Se nos damos é porque amamos!



 Vê-me mais vezes e não me dês nada!


Racine, na terceira cena do 2º acto do drama "Bérénice" ante a separação física que o Imperador Tito se preparava para levar a cabo pelo facto de Bérénice não ser romana, coloca na sua boca  uma frase que condensa todo o dramatismo da cena: 

- Vê-me mais vezes e não me dês nada!



Não vem aqui o propósito de se fazer qualquer análise do drama da famosa peça de teatro, mas tão só, fixar a frase de Bérénice naquilo que ela tem do amor humano de um ser pelo outro, quando no simples acto de "dar" nos damos, fazendo, assim, que a preposição de "nos darmos" supera o "dar", porque este pode ser feito sem amor, enquanto o outro não pode existir sem que ele preencha por dentro do coração humano toda a carga da afeição que se sente, reveladora por excelência da dádiva sem recompensa que é uma entrega sem sofismas, onde cabe, por inteiro e com todo o propósito o pedido da judia Bérénice: 

- Vê-me mais vezes e não me dês nada.

Ou seja, depois de termos dado ao outro todas as nossas riquezas exteriores - onde vão, às vezes, de sobejo, as interiores - nada é preciso receber de bens palpáveis senão a imaterialidade do acto da visita, saldada no simples olhar que por si é a melhor riqueza que se pode receber.

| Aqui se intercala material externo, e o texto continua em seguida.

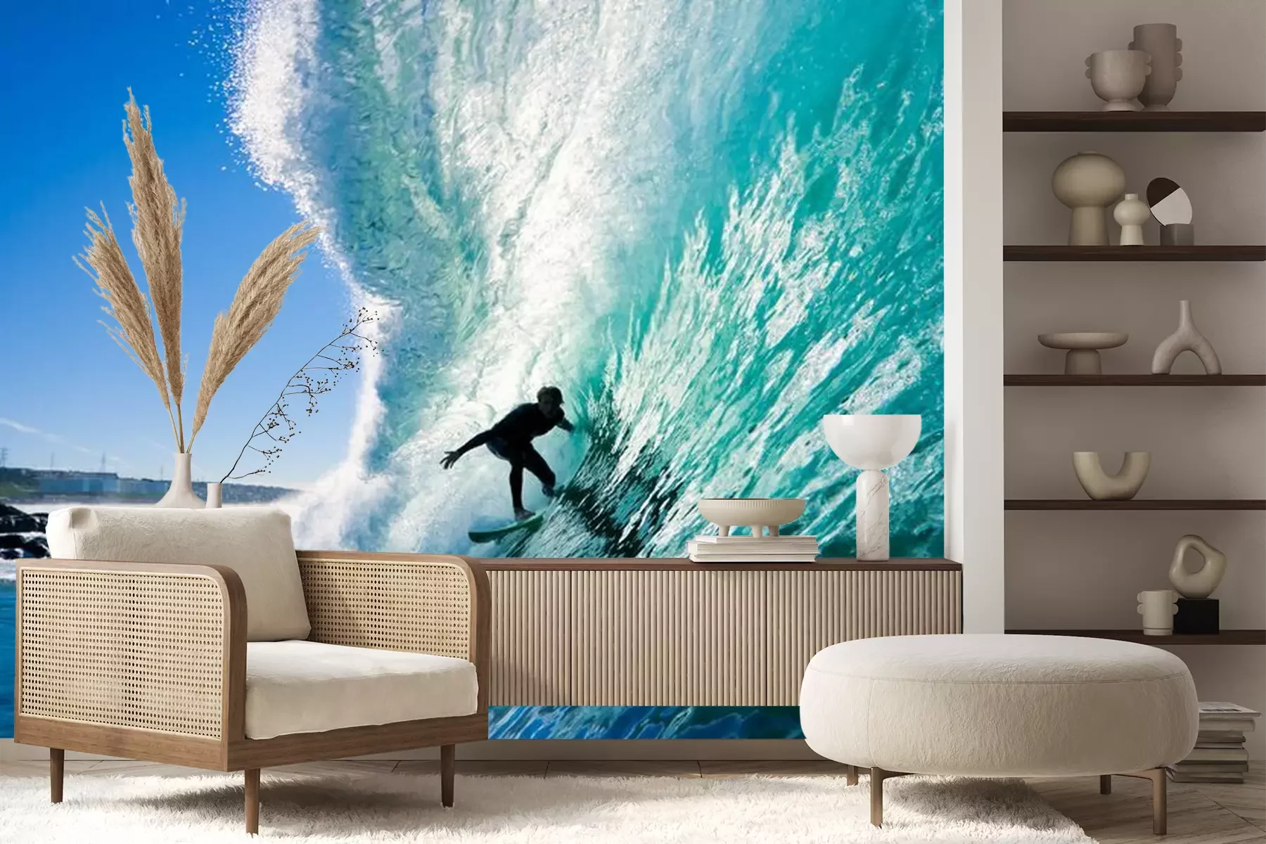 Het materiaal Premium+ is een gestructureerd vinyl op vlies met een gewicht van 255 g/m², dat kleine oneffenheden in de muur effectief camoufleert. De subtiele structuur van fijn zand geeft het oppervlak een exclusieve uitstraling, terwijl de halfmatte afwerking de diepte van de kleuren benadrukt. Het materiaal is dampdoorlatend, waardoor het ook in de keuken en badkamer kan worden gebruikt. De maximale breedte van één baan bedraagt 100 cm – bij grotere afmetingen wordt het fotobehang in meerdere gelijke banen verdeeld. De lijm wordt direct op de muur aangebracht en het behang wordt rand-aan-rand geplakt, wat zorgt voor een esthetisch resultaat zonder zichtbare naden. Het oppervlak kan gemakkelijk worden schoongemaakt door het voorzichtig af te nemen met een vochtige doek.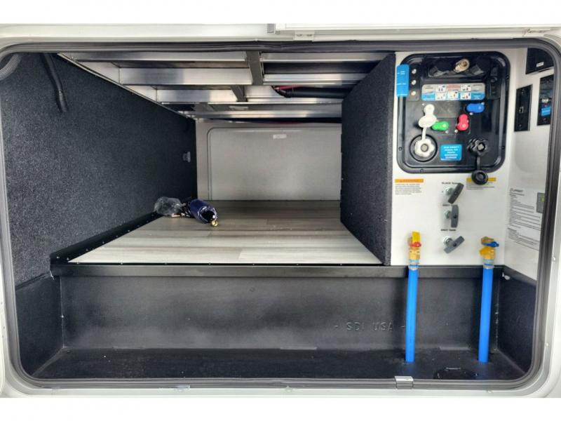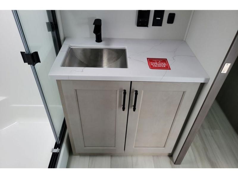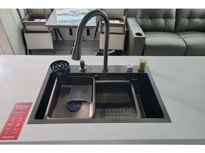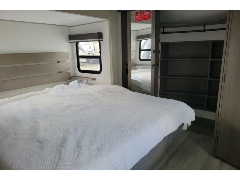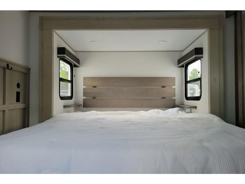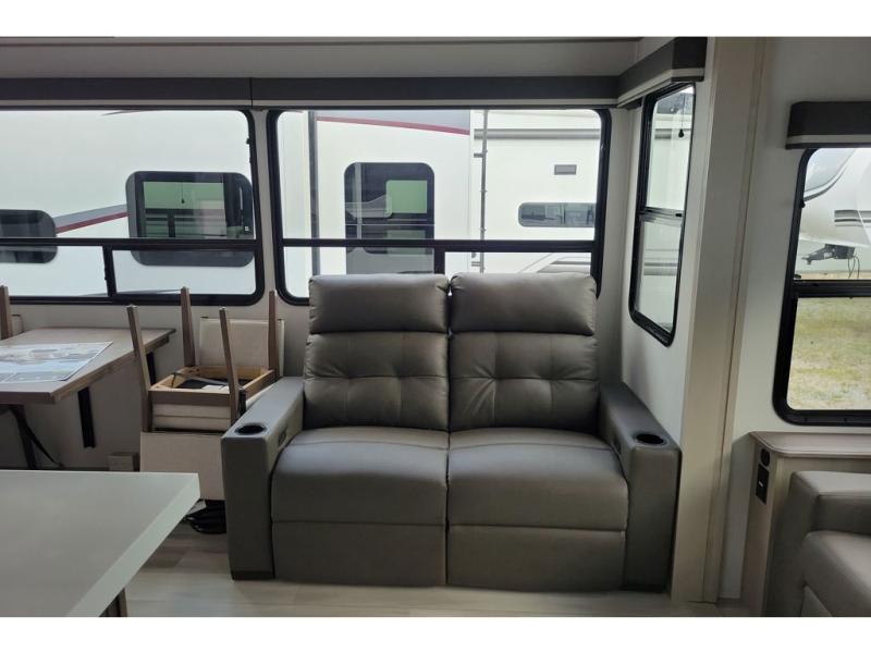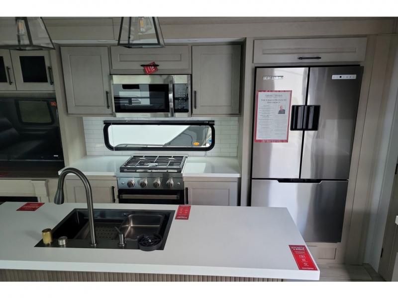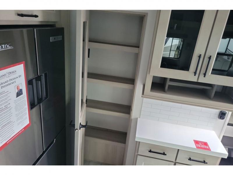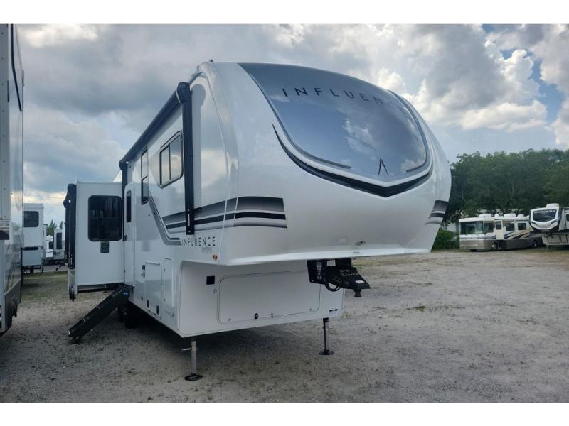Any Grand Design Influence fifth wheel features five-sided aluminum cage construction with a walk-on roof and a fully enclosed underbelly with heated tanks and storage for all weather camping. For peace of mind, the MORryde CRE3000 Suspension system will provide safe and smooth towing, and the 101" widebody construction offers all the room you need and that is before multiple slides are fully engaged. You will appreciate the Keyed-Alike locks, slam-latch baggage doors with magnetic door catches, exterior security light, and SolidStep entry steps. On the inside, Congoleum flooring, premium roller shades for privacy, a hallway handrail for safety, and nightstands with USB ports to keep all of your electronics fully charged. You will also love the On Demand tankless water heater when showering, plus the added heat and ambiance from an electric fireplace, and so much more!

Pessoalmente, senti isso, há das, quando uma arreliadora doença me prostrou na cama do Hospital, quer nas visitas que recebi, quer nas mensagens ou telefonemas, algo que me levou a meditar na frase desta heroína da peça teatral de Racine, porquanto, sem dizer textualmente a frase que ela diz no drama, passei a pedir e a dizer para comigo:

- Vinde ver-me, meus familiares e meus amigos. 
- Telefonai-me. 
- Mandai-me mensagens, porque em todos os vossos actos eu sinto o que gostais de mim!
- Vinde as vezes que puderdes!
- Não vos peço mais nada, para além disto!

Bérénice teve menos sorte que eu.

Ela que nada pedia a Tito viu-se afastada e colocada fora de Roma, enquanto eu me senti bem dentro do coração da família e dos amigos, porque todos eles "dando-se" como  o fizeram ultrapassaram - e de longe - a acção de "dar", que é. quantas vezes, o cumprimento frio duma norma social, mas onde falta, tantas vezes, o acto de amar o outro.